**Problem description**
Would you retype exactly the lines below, starting with the one that has "中壓側(cè)額定電壓525" and going on through the one that has "建立基于轻量级卷积神经网络(Squeez", with no pictures and nothing else?

**Task inputs**
________________________

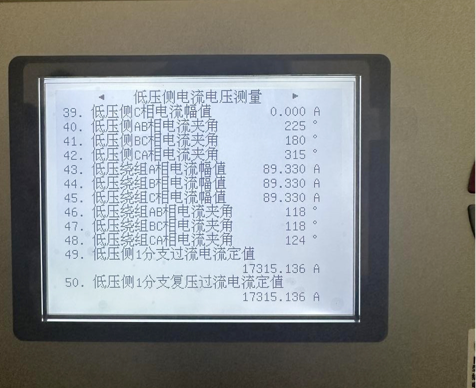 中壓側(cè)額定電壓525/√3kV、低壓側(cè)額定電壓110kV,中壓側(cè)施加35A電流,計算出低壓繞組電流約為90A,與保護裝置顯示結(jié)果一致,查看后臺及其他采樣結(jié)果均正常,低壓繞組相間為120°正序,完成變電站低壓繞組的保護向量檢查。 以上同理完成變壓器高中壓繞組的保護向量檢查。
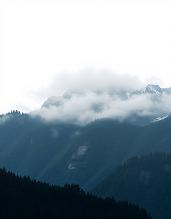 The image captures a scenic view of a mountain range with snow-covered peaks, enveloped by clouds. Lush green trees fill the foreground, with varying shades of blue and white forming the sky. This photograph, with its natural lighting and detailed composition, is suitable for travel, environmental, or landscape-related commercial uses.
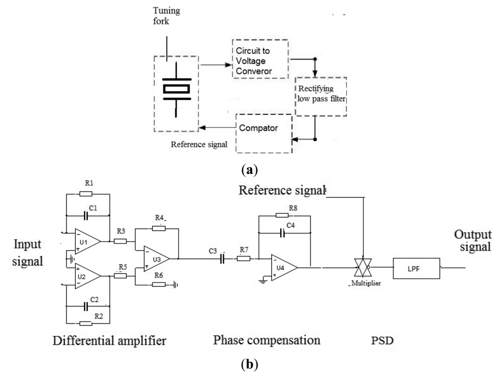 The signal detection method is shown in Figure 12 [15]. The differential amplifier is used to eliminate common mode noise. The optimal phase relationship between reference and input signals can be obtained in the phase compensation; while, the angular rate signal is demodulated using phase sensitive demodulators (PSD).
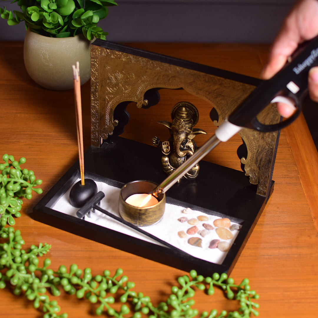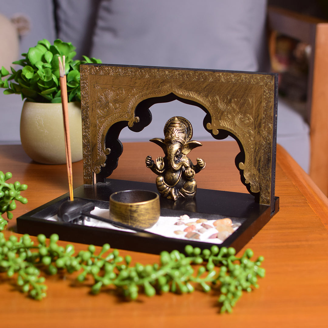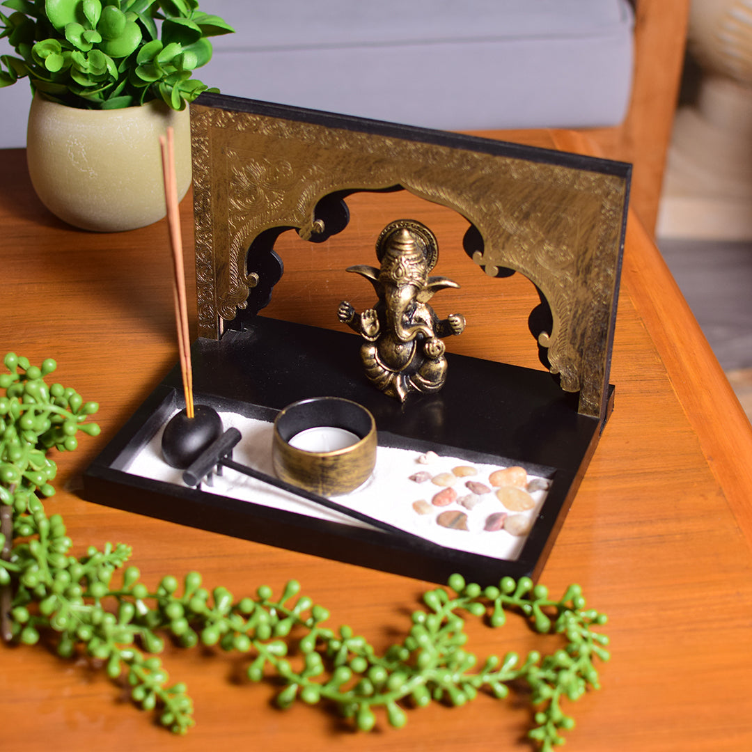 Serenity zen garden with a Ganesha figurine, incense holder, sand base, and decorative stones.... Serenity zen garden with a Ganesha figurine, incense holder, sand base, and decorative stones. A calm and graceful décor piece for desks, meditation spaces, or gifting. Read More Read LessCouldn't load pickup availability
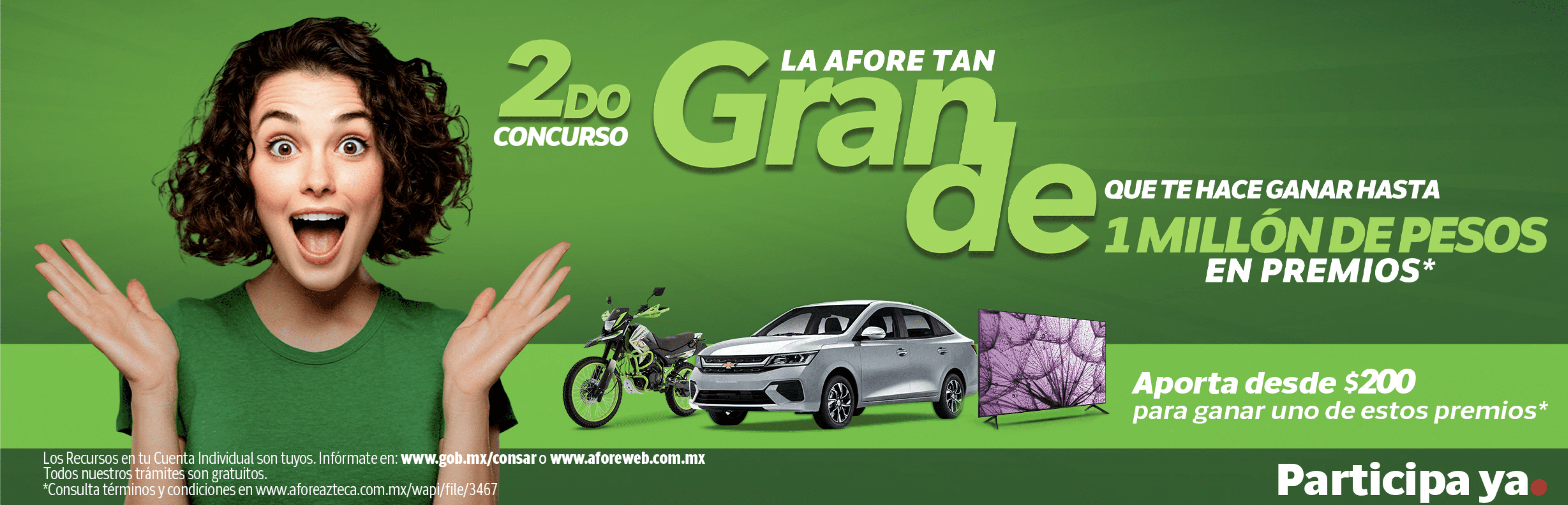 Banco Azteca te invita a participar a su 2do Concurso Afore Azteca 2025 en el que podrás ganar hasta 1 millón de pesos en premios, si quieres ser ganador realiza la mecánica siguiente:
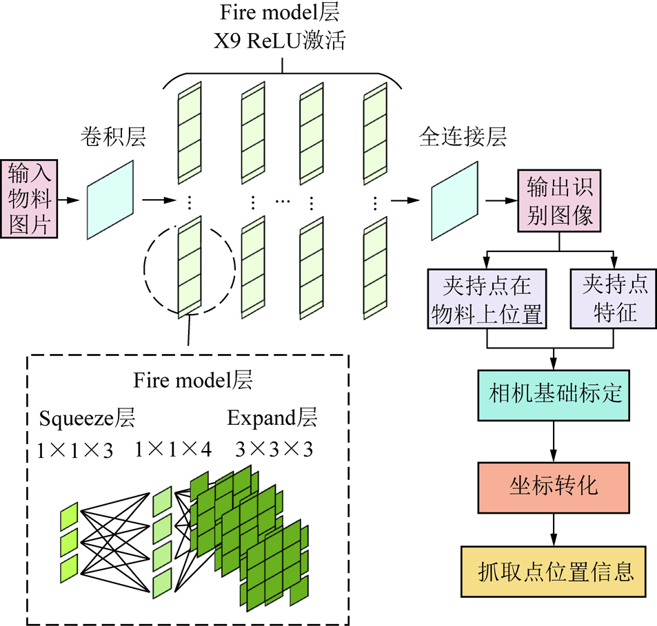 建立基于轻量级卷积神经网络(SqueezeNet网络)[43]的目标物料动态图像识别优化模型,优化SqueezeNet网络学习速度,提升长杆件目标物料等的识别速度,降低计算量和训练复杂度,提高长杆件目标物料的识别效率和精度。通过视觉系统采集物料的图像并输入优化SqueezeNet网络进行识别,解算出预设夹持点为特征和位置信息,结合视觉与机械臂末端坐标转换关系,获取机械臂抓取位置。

________________________

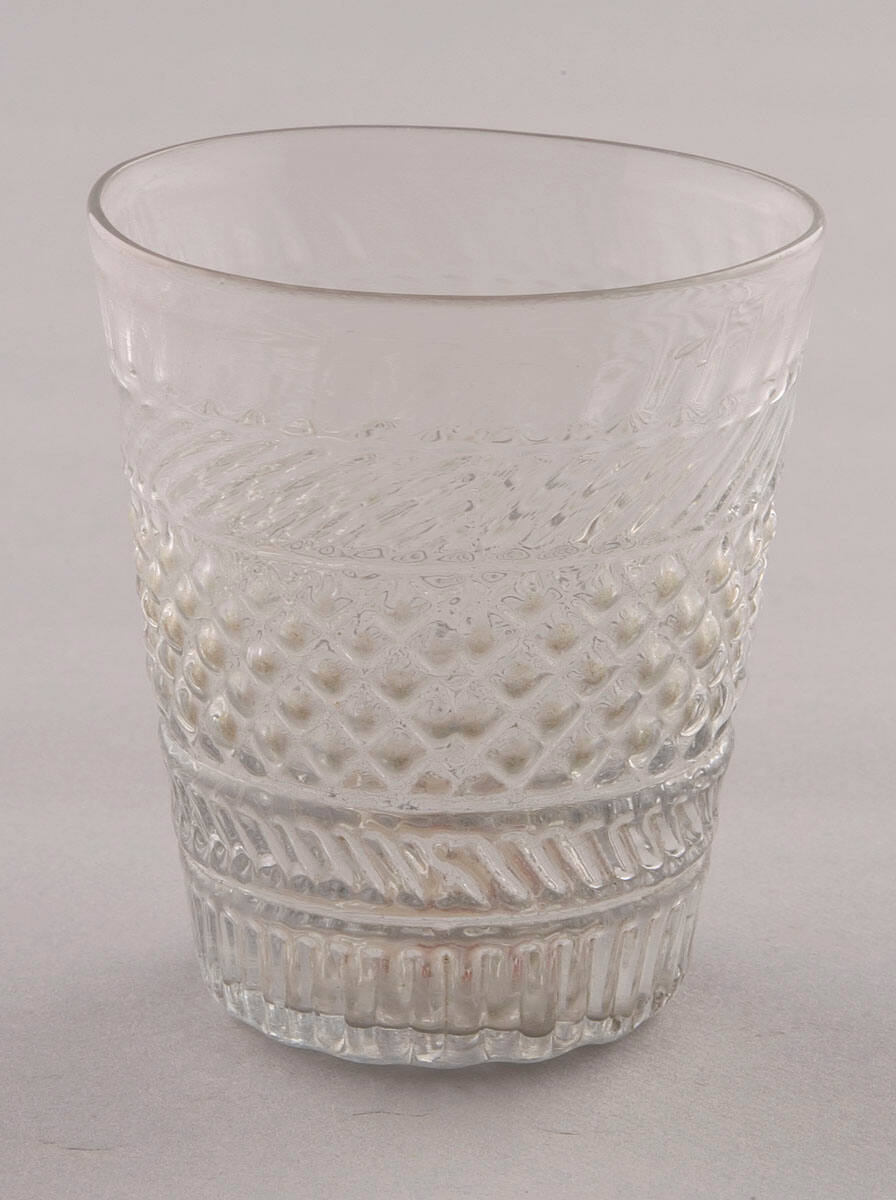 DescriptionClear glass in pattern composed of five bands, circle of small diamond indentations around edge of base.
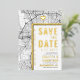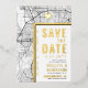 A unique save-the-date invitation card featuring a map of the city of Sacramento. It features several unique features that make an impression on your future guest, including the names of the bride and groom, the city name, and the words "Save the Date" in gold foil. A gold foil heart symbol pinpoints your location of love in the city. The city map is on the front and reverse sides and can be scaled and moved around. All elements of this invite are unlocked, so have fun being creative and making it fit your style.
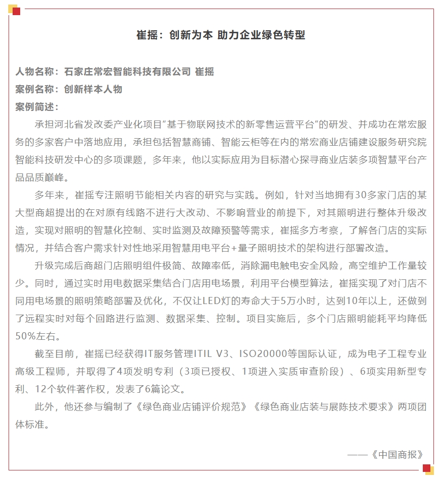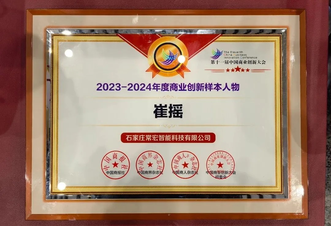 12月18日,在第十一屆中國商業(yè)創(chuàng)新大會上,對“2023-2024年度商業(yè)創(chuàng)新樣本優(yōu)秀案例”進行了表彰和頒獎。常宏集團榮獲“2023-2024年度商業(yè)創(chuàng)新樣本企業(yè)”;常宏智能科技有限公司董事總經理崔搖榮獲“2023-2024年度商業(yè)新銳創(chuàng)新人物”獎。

________________________

**Result below**
 中壓側(cè)額定電壓525/√3kV、低壓側(cè)額定電壓110kV,中壓側(cè)施加35A電流,計算出低壓繞組電流約為90A,與保護裝置顯示結(jié)果一致,查看后臺及其他采樣結(jié)果均正常,低壓繞組相間為120°正序,完成變電站低壓繞組的保護向量檢查。 以上同理完成變壓器高中壓繞組的保護向量檢查。
 The image captures a scenic view of a mountain range with snow-covered peaks, enveloped by clouds. Lush green trees fill the foreground, with varying shades of blue and white forming the sky. This photograph, with its natural lighting and detailed composition, is suitable for travel, environmental, or landscape-related commercial uses.
 The signal detection method is shown in Figure 12 [15]. The differential amplifier is used to eliminate common mode noise. The optimal phase relationship between reference and input signals can be obtained in the phase compensation; while, the angular rate signal is demodulated using phase sensitive demodulators (PSD).
 Serenity zen garden with a Ganesha figurine, incense holder, sand base, and decorative stones.... Serenity zen garden with a Ganesha figurine, incense holder, sand base, and decorative stones. A calm and graceful décor piece for desks, meditation spaces, or gifting. Read More Read LessCouldn't load pickup availability
 Banco Azteca te invita a participar a su 2do Concurso Afore Azteca 2025 en el que podrás ganar hasta 1 millón de pesos en premios, si quieres ser ganador realiza la mecánica siguiente:
 建立基于轻量级卷积神经网络(SqueezeNet网络)[43]的目标物料动态图像识别优化模型,优化SqueezeNet网络学习速度,提升长杆件目标物料等的识别速度,降低计算量和训练复杂度,提高长杆件目标物料的识别效率和精度。通过视觉系统采集物料的图像并输入优化SqueezeNet网络进行识别,解算出预设夹持点为特征和位置信息,结合视觉与机械臂末端坐标转换关系,获取机械臂抓取位置。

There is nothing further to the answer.